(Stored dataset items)
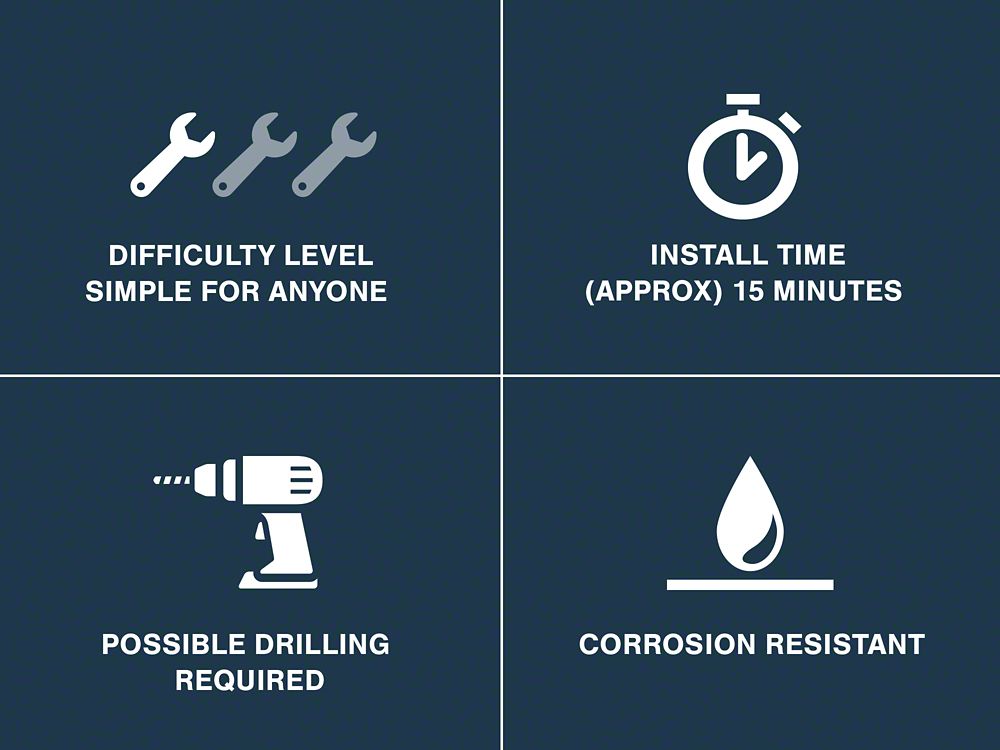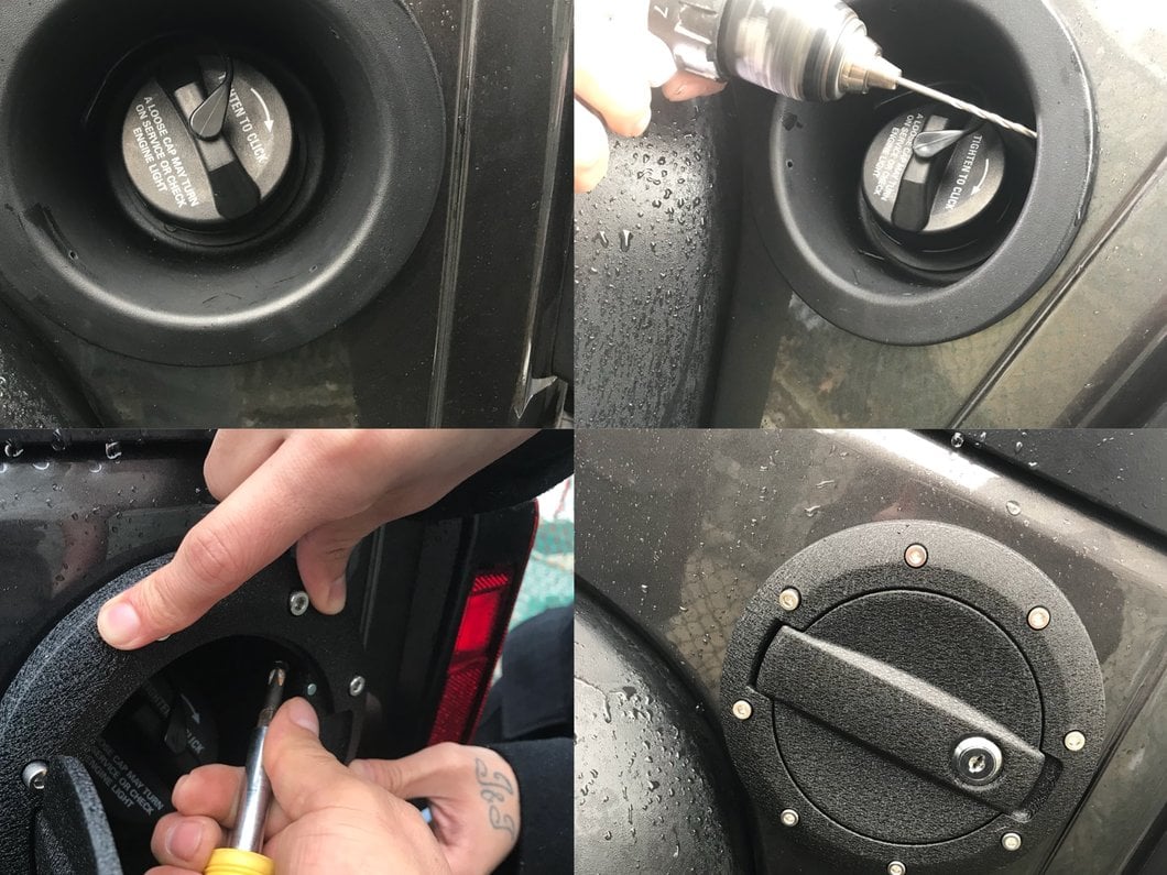 Easy Installation. Complete with all the required hardware, this Barricade Off-Road Locking Fuel Door easily installs in under 15 minutes with just basic hand tools. Some minor drilling may be required for installation.
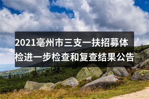 原标题:亳州市2021年三支一扶招募体检进一步检查和复查结果公告
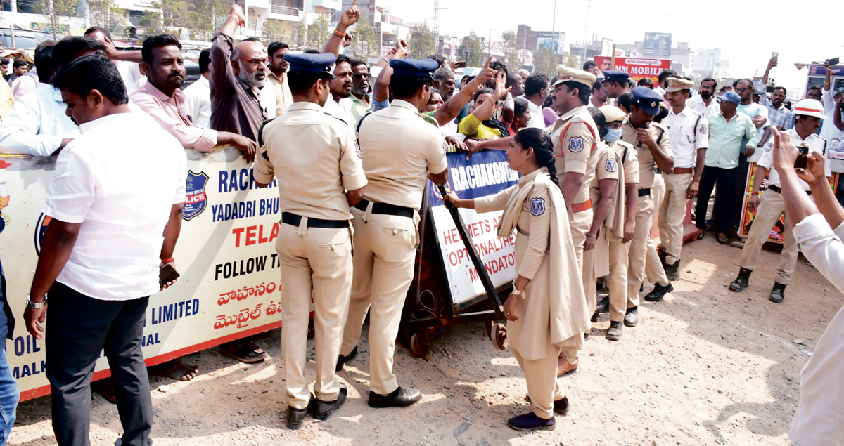 యాదాద్రిభువనగిరి జిల్లా చౌటుప్పల్ మున్సిపాలిటీలో చైర్మెన్,వైస్ చైర్మెన్ ఎన్నికల సందర్భంగా సోమవారం తీవ్ర ఉద్రిక్త పరిస్థితులు నెలకొన్నాయి. కౌన్సిలర్ల ప్రమాణస్వీకార కార్యక్రమానికి క్యాంపు నుంచి కాంగ్రెస్ పార్టీకి చెందిన కౌన్సిలర్లు బస్సులో బయలుదేరారు. ఈ క్రమంలో చైర్మెన్ పదవి తనకు దక్కదనే అసంతృప్తితో ఉన్న 13వ వార్డు కౌన్సిలర్ బత్తుల వాణి,ఆమె భర్త విప్లవ్ కుమార్ను స్థానిక ఎమ్మెల్యే కోమటిరెడ్డి రాజగోపాల్ రెడ్డి తన కారులో మున్సిపాలిటీ కార్యాలయానికి తీసుకు వస్తుండగా మున్సిపాలిటీ కేంద్రానికి రాగానే భారీకేడ్లను దాటే క్రమంలో వార్డు ప్రజలు,స్థానికులు ఎమ్మెల్యే కారును అడ్డుకున్నారు. ఆ సమయంలో కారు దిగిన బత్తుల వాణి పోలీసుల కండ్ల ముందే అక్కడి నుంచి పరార య్యారు. ఆమె మాత్రమే ప్రమాణస్వీకారం చేయ లేదు. ఎమ్మెల్యే ఇచ్చిన హామీ నిలబెట్టుకోలేదని ఆరో పిస్తూ ఆమె అనుచరులు మున్సిపాలిటీ కార్యాల యం ఎదుట నిరసనకు దిగారు. స్థానికుల కు కాకుండా స్థానికేతరులకు చైర్మెన్ పదవి కట్టబెడు తున్నారని ఆరోపిస్తూ ఫ్లకార్డులు ప్రదర్శించారు. ‘ఎమ్మెల్యే డౌన్ డౌన్’ అంటూ నినాదాలు చేశారు. పరిస్థితి ఉద్రిక్తంగా మారడంతో పోలీసులు భారీ బందోబస్తు ఏర్పాటు చేశారు. ఇదిలా ఉండగా మిగిలిన 12 మంది కౌన్సిలర్లు పోలీసుల భద్రత మధ్య చైర్మెన్,వైస్ చైర్మెన్లను ఏకగ్రీవంగా ఎన్నుకున్నారు.
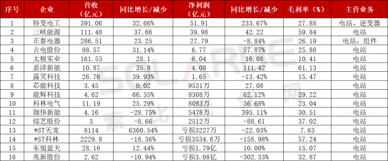 逆變器企業(yè)來(lái)看,7家逆變器企業(yè)Q1~Q3均實(shí)現(xiàn)盈利,2家企業(yè)凈利潤(rùn)同比去年同期下滑,其中禾望電氣毛利率達(dá)38.23%、固德威34.55%、科士達(dá)33.81%。
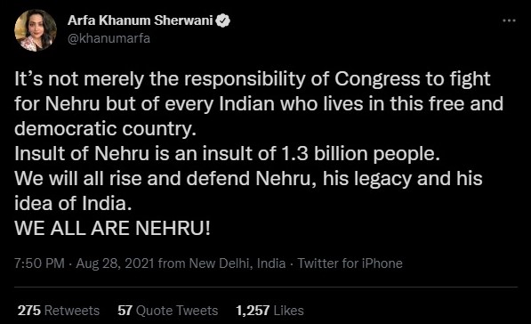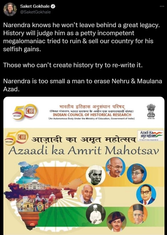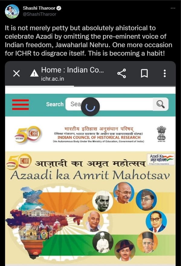 The Congress party and its conglomeration of sympathizers and trolls accused the Narendra Modi government of attempting to undermine the legacy of Jawaharlal Nehru. Senior party leader Shashi Tharoor said, “It is not merely petty but absolutely ahistorical to celebrate Azadi by omitting the pre-eminent voice of Indian freedom, Jawaharlal Nehru. One more occasion for ICHR to disgrace itself.”
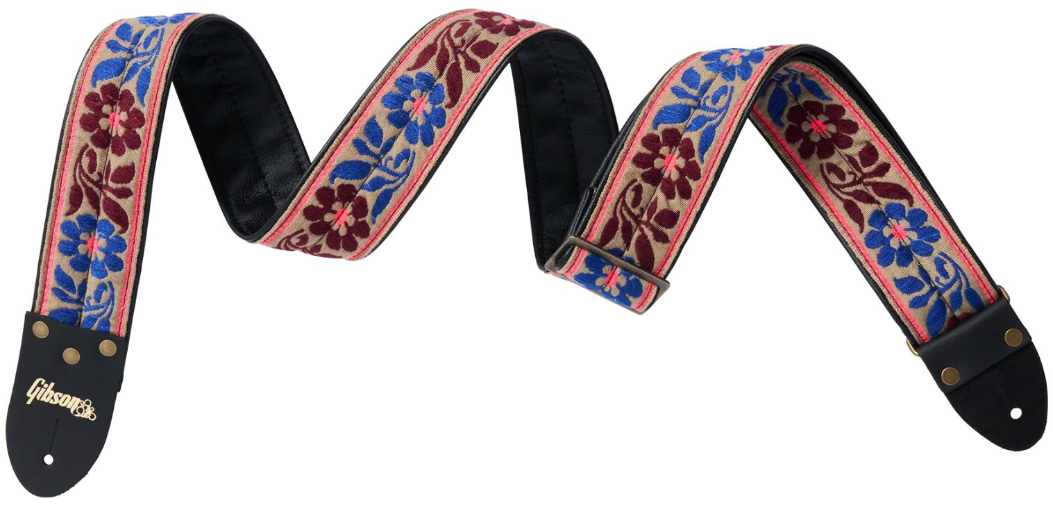 Gibson The Bluegrass to wysokiej jakości pas gitarowy wykonany w USA, stworzony z myślą o muzykach ceniących zarówno komfort, jak i styl. Pas o szerokości 2 cali wykonano z trwałej tkaniny ze splotem Jacquard, a jego tył wykończono czarną wegańską skórą, zapewniającą wygodę noszenia nawet podczas długich sesji muzycznych. Końcówki pasa wykonano z naturalnej skóry, ozdobionej złotym logo Gibson w klasycznym wzorze „Floral”, co podkreśla elegancki wygląd i prestiż marki.

**TASK INSTRUCTIONS**
Reprint the data verbatim, pictures excluded.

**EXERCISE RESPONSE**
 Easy Installation. Complete with all the required hardware, this Barricade Off-Road Locking Fuel Door easily installs in under 15 minutes with just basic hand tools. Some minor drilling may be required for installation.
 原标题:亳州市2021年三支一扶招募体检进一步检查和复查结果公告
 యాదాద్రిభువనగిరి జిల్లా చౌటుప్పల్ మున్సిపాలిటీలో చైర్మెన్,వైస్ చైర్మెన్ ఎన్నికల సందర్భంగా సోమవారం తీవ్ర ఉద్రిక్త పరిస్థితులు నెలకొన్నాయి. కౌన్సిలర్ల ప్రమాణస్వీకార కార్యక్రమానికి క్యాంపు నుంచి కాంగ్రెస్ పార్టీకి చెందిన కౌన్సిలర్లు బస్సులో బయలుదేరారు. ఈ క్రమంలో చైర్మెన్ పదవి తనకు దక్కదనే అసంతృప్తితో ఉన్న 13వ వార్డు కౌన్సిలర్ బత్తుల వాణి,ఆమె భర్త విప్లవ్ కుమార్ను స్థానిక ఎమ్మెల్యే కోమటిరెడ్డి రాజగోపాల్ రెడ్డి తన కారులో మున్సిపాలిటీ కార్యాలయానికి తీసుకు వస్తుండగా మున్సిపాలిటీ కేంద్రానికి రాగానే భారీకేడ్లను దాటే క్రమంలో వార్డు ప్రజలు,స్థానికులు ఎమ్మెల్యే కారును అడ్డుకున్నారు. ఆ సమయంలో కారు దిగిన బత్తుల వాణి పోలీసుల కండ్ల ముందే అక్కడి నుంచి పరార య్యారు. ఆమె మాత్రమే ప్రమాణస్వీకారం చేయ లేదు. ఎమ్మెల్యే ఇచ్చిన హామీ నిలబెట్టుకోలేదని ఆరో పిస్తూ ఆమె అనుచరులు మున్సిపాలిటీ కార్యాల యం ఎదుట నిరసనకు దిగారు. స్థానికుల కు కాకుండా స్థానికేతరులకు చైర్మెన్ పదవి కట్టబెడు తున్నారని ఆరోపిస్తూ ఫ్లకార్డులు ప్రదర్శించారు. ‘ఎమ్మెల్యే డౌన్ డౌన్’ అంటూ నినాదాలు చేశారు. పరిస్థితి ఉద్రిక్తంగా మారడంతో పోలీసులు భారీ బందోబస్తు ఏర్పాటు చేశారు. ఇదిలా ఉండగా మిగిలిన 12 మంది కౌన్సిలర్లు పోలీసుల భద్రత మధ్య చైర్మెన్,వైస్ చైర్మెన్లను ఏకగ్రీవంగా ఎన్నుకున్నారు.
 逆變器企業(yè)來(lái)看,7家逆變器企業(yè)Q1~Q3均實(shí)現(xiàn)盈利,2家企業(yè)凈利潤(rùn)同比去年同期下滑,其中禾望電氣毛利率達(dá)38.23%、固德威34.55%、科士達(dá)33.81%。
 The Congress party and its conglomeration of sympathizers and trolls accused the Narendra Modi government of attempting to undermine the legacy of Jawaharlal Nehru. Senior party leader Shashi Tharoor said, “It is not merely petty but absolutely ahistorical to celebrate Azadi by omitting the pre-eminent voice of Indian freedom, Jawaharlal Nehru. One more occasion for ICHR to disgrace itself.”
 Gibson The Bluegrass to wysokiej jakości pas gitarowy wykonany w USA, stworzony z myślą o muzykach ceniących zarówno komfort, jak i styl. Pas o szerokości 2 cali wykonano z trwałej tkaniny ze splotem Jacquard, a jego tył wykończono czarną wegańską skórą, zapewniającą wygodę noszenia nawet podczas długich sesji muzycznych. Końcówki pasa wykonano z naturalnej skóry, ozdobionej złotym logo Gibson w klasycznym wzorze „Floral”, co podkreśla elegancki wygląd i prestiż marki.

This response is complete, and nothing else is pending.